Jako kolejny problem młodych ludzi wchodzących na rynek pracy Owczarek wskazał niekończące się staże (często bezpłatne), które w rzeczywistości nie prowadzą do poprawy sytuacji na rynku pracy, a są formą dotowania pracodawców przez pracujących za darmo pracowników.
Aleksandra Kołeczek opowiedziała się jednoznacznie za likwidacją bezpłatnych staży i wprowadzeniem obowiązku płacenia stażystom wynagrodzenia. Jakub Radzewicz zwrócił z kolei uwagę, że spośród wprowadzonych przez Ministerstwo Pracy i Polityki Społecznej systemów wsparcia finansowego dla młodych największą popularnością cieszą się dziś bony stażowe (wydano ich 12.000), a dużo mniejszą bony szkoleniowe (nieco ponad 2.000) czy zasiedleniowe (1.700).

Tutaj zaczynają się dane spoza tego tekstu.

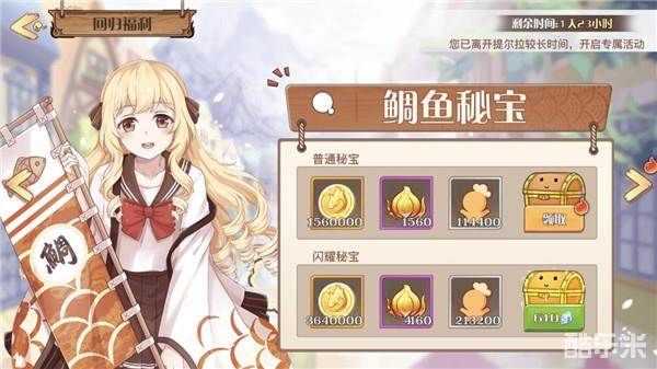 鲷鱼烧为许久不见的御侍大人准备的特殊礼物,可根据御侍大人离开的时间,获得对应的金币、经验和厨力,离开的时间越长,获得的奖励越多。御侍大人还可支付额外幻晶石,购买闪耀秘宝,获得更多奖励。

Prawdopodobną tego przyczyną jest zainteresowanie samych pracodawców finansowaniem staży. Monika Miniur z OPZZ pozytywnie oceniła propozycje MPiPS, w tym pomysł dofinansowania 100.000 miejsc pracy dla młodych – podkreśliła jednak, że wciąż są one niewystarczające w porównaniu z potrzebami.
Co z tą pracą?
Kolejną bolączką polskiego rynku pracy, szczególnie dotkliwą dla młodych, jest nadużywanie umów czasowych. Miniur przyznała, że pracownicy często sami godzą się na „śmieciówki” (umowy o dzieło lub zlecenie) w miejsce umów o pracę, ponieważ są one niżej opodatkowane. Postulowała zrównanie praw pracowników pracujących na wszystkich typach umów.
Aby zwiększyć świadomość problemu wśród młodych OPZZ prowadzi kampanię „Masz prawo do umowy o pracę”. Miniur zauważyła, że w grupie tej powoli rośnie świadomość dot. praw pracowniczych i chęć zrzeszania się w związki zawodowe. Jej zdaniem coraz więcej osób jest zainteresowanych należeniem do związku – także w sektorze bankowym, gdzie uzwiązkowienie tradycyjnie nie jest wysokie.

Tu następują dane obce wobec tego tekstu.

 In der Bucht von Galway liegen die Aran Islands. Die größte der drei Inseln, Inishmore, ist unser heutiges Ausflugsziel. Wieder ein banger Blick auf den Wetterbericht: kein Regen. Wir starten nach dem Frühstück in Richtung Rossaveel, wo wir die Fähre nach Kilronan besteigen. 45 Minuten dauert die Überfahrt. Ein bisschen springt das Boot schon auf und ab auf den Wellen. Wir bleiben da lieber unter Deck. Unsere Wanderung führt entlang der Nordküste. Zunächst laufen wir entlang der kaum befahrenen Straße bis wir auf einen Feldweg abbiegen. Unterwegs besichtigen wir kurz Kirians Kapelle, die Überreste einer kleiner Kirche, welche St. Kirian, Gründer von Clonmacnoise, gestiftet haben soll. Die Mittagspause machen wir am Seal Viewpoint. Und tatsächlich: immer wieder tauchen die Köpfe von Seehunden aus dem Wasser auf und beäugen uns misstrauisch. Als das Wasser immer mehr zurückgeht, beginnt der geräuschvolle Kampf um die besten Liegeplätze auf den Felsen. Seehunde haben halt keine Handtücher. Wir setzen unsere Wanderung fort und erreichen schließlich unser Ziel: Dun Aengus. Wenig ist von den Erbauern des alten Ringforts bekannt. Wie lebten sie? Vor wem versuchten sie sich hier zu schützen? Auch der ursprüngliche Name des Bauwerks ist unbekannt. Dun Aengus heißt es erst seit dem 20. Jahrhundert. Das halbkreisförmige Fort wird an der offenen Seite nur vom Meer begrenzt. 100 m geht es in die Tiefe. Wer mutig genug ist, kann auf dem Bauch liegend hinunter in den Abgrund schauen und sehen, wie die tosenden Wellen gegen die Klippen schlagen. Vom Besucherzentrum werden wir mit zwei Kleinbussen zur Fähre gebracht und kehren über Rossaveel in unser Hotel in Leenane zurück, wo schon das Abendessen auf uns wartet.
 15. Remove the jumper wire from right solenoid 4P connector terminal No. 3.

Również i sektor pozarządowy, w którym swoje pierwsze kroki stawia wielu młodych, nie daje gwarancji stabilnego zatrudnienia i godziwych zarobków. „Praca z misją” to nie tylko mniejsze zarobki. Organizacje pozarządowe funkcjonują w trybie grantowym, co oznacza, że kilka razy do roku muszą pozyskiwać środki na swoją działalność. Środki uzależnione są od grantodawców, a pracownik/pracownica nigdy nie ma pewności, czy etat będzie utrzyma się po zakończeniu projektu.
O realia pracy w organizacjach pozarządowych zapytaliśmy Jakuba Radzewicza. Jak zauważył, wielu spośród jego rówieśników, którzy zdobywali swoje pierwsze doświadczenia angażując się społecznie w pewnym momencie staje przed dylematem „praca albo działalność społeczna”. Jego zdaniem jedną z głównych przyczyn trudnej sytuacji polskich NGOsów i ich uzależnienia od grantów jest brak wykształconej kultury prywatnej filantropii oraz fundraisingu w Polsce.
Radzewicz zauważył także, że w pokoleniu obecnych dwudziestolatków zaangażowanie społeczne i aktywizm nie są już tak oczywiste jak w starszym pokoleniu wyżu lat 80-tych. Działalność dla dobra publicznego, zdaniem Radzewicza, przestaje być czymś oczywistym dla młodych ludzi, którzy są bardziej skupieni na własnym rozwoju zawodowym i nie widzą w niej szans na podnoszenie swoich umiejętności.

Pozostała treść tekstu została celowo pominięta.